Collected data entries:
┄┄┄┄┄┄┄┄┄┄
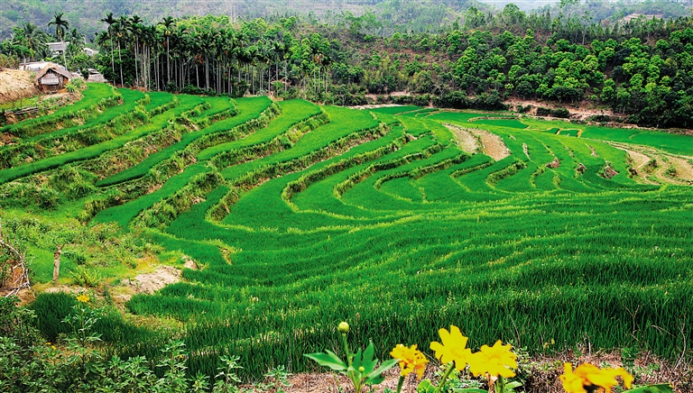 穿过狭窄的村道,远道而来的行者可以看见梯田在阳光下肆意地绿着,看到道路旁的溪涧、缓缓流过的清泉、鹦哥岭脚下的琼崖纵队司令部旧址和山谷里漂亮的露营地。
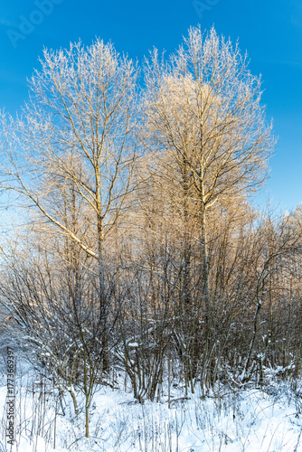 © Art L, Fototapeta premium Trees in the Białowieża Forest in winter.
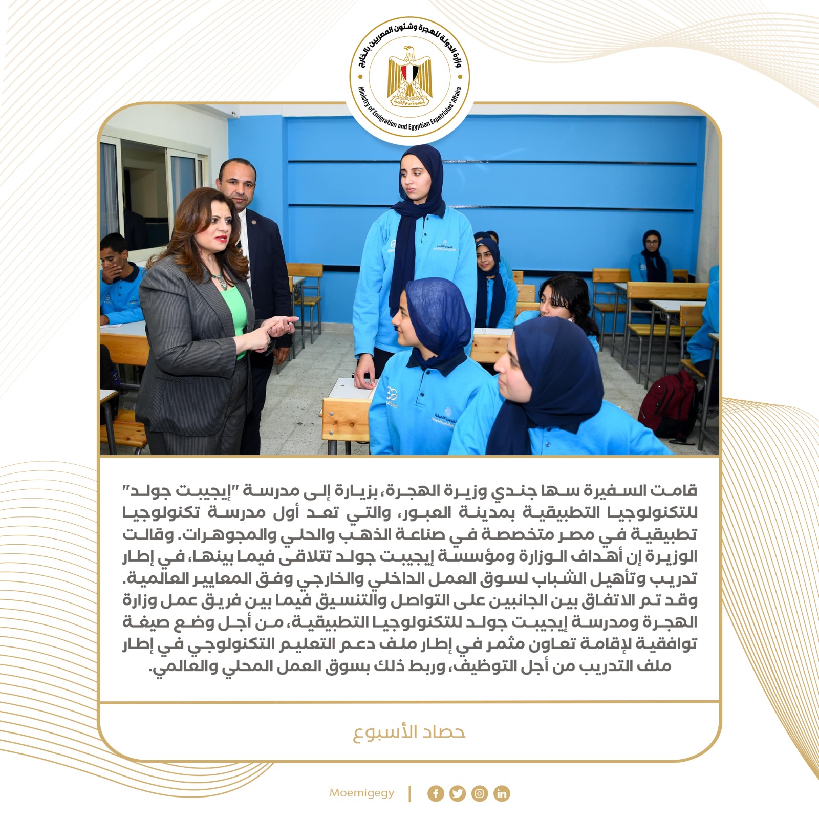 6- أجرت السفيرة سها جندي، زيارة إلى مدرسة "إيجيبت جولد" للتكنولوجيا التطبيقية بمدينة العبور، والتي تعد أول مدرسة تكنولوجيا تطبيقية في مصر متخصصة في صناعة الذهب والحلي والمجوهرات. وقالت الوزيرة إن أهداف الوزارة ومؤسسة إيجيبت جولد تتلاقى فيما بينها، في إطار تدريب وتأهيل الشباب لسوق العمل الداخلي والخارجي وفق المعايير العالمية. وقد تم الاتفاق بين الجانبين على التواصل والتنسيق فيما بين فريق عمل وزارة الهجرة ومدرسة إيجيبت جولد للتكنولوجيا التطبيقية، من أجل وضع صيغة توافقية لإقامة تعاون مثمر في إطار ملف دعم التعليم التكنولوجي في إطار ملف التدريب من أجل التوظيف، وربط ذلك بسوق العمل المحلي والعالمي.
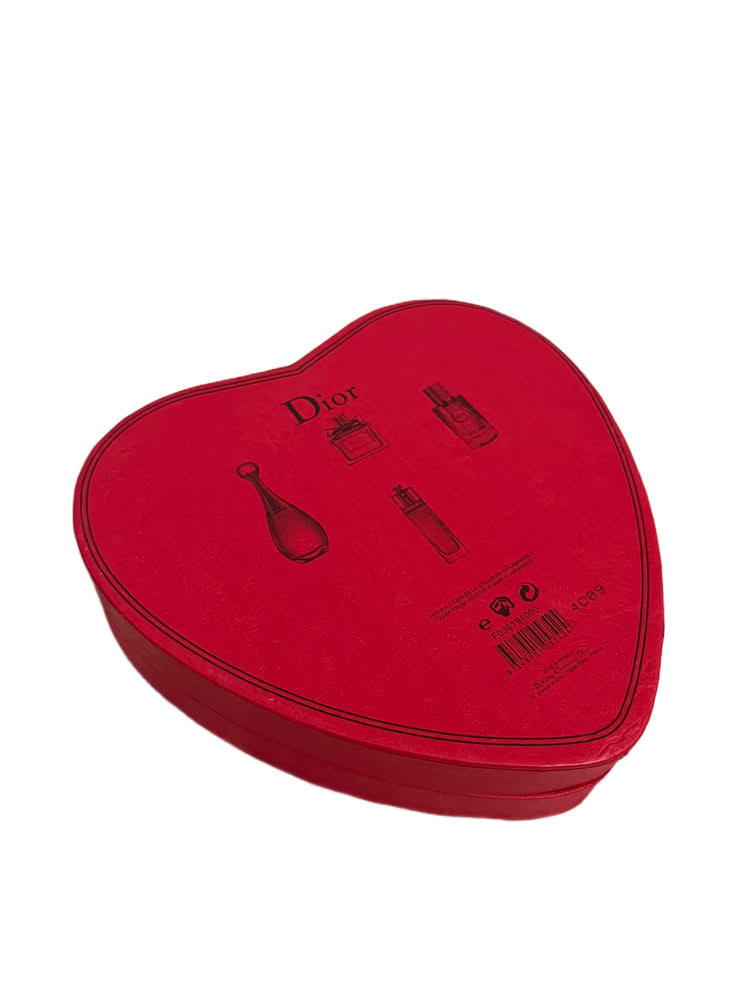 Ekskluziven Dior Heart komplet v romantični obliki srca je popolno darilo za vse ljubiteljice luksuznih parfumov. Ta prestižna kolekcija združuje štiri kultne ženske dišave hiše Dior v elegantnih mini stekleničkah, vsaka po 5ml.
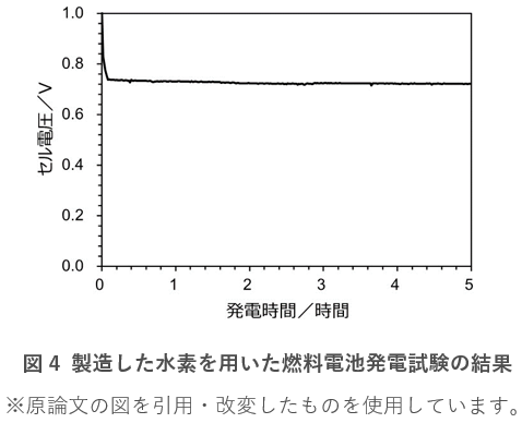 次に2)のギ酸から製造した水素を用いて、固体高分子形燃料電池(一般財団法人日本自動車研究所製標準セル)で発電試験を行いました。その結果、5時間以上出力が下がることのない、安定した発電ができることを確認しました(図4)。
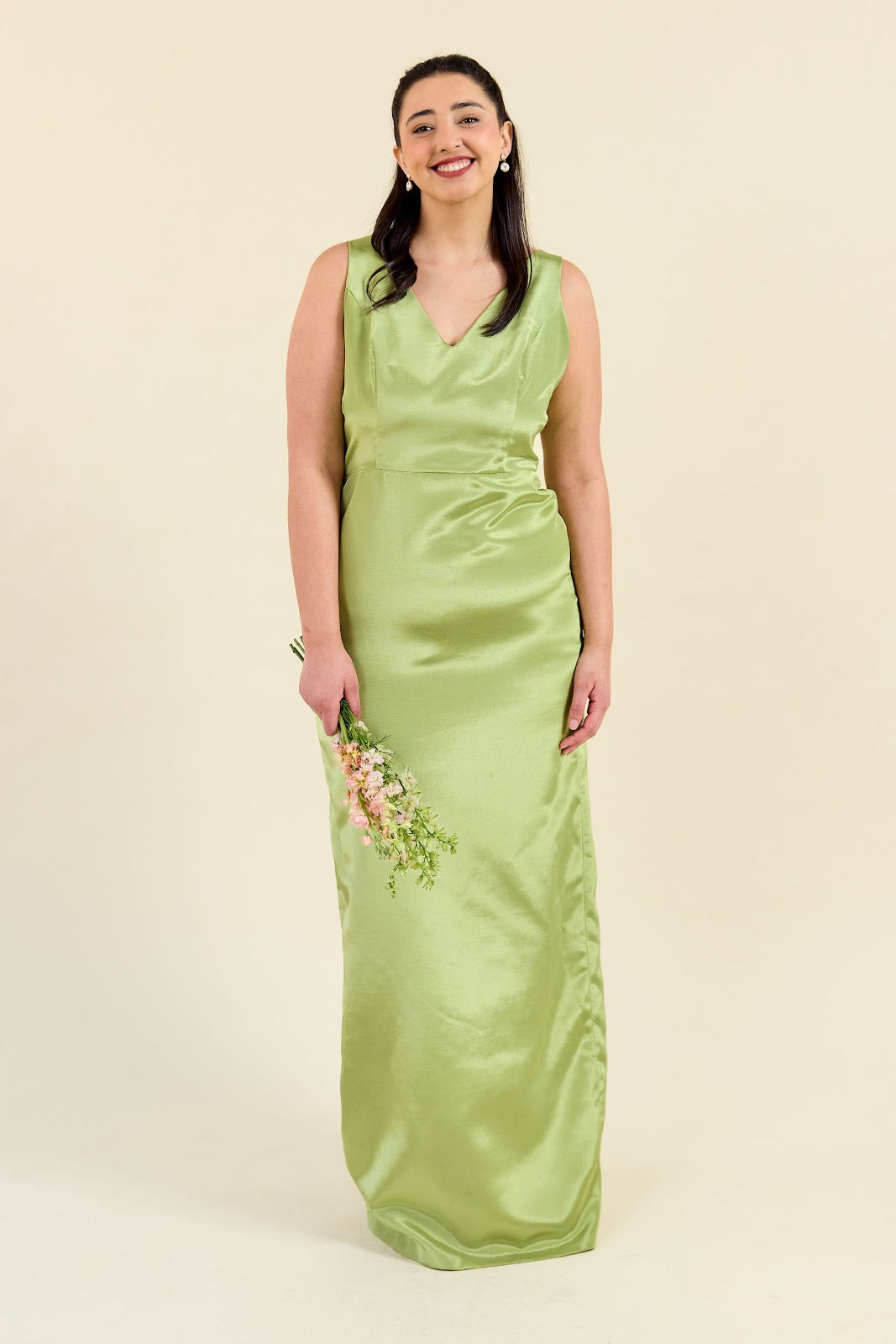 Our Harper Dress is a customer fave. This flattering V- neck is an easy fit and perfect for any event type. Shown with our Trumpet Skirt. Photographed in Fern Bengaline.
┄┄┄┄┄┄┄┄┄┄
Your task
Leaving out every picture, repeat the records above exactly as they stand.

Answer to the problem
 穿过狭窄的村道,远道而来的行者可以看见梯田在阳光下肆意地绿着,看到道路旁的溪涧、缓缓流过的清泉、鹦哥岭脚下的琼崖纵队司令部旧址和山谷里漂亮的露营地。
 © Art L, Fototapeta premium Trees in the Białowieża Forest in winter.
 6- أجرت السفيرة سها جندي، زيارة إلى مدرسة "إيجيبت جولد" للتكنولوجيا التطبيقية بمدينة العبور، والتي تعد أول مدرسة تكنولوجيا تطبيقية في مصر متخصصة في صناعة الذهب والحلي والمجوهرات. وقالت الوزيرة إن أهداف الوزارة ومؤسسة إيجيبت جولد تتلاقى فيما بينها، في إطار تدريب وتأهيل الشباب لسوق العمل الداخلي والخارجي وفق المعايير العالمية. وقد تم الاتفاق بين الجانبين على التواصل والتنسيق فيما بين فريق عمل وزارة الهجرة ومدرسة إيجيبت جولد للتكنولوجيا التطبيقية، من أجل وضع صيغة توافقية لإقامة تعاون مثمر في إطار ملف دعم التعليم التكنولوجي في إطار ملف التدريب من أجل التوظيف، وربط ذلك بسوق العمل المحلي والعالمي.
 Ekskluziven Dior Heart komplet v romantični obliki srca je popolno darilo za vse ljubiteljice luksuznih parfumov. Ta prestižna kolekcija združuje štiri kultne ženske dišave hiše Dior v elegantnih mini stekleničkah, vsaka po 5ml.
 次に2)のギ酸から製造した水素を用いて、固体高分子形燃料電池(一般財団法人日本自動車研究所製標準セル)で発電試験を行いました。その結果、5時間以上出力が下がることのない、安定した発電ができることを確認しました(図4)。
 Our Harper Dress is a customer fave. This flattering V- neck is an easy fit and perfect for any event type. Shown with our Trumpet Skirt. Photographed in Fern Bengaline.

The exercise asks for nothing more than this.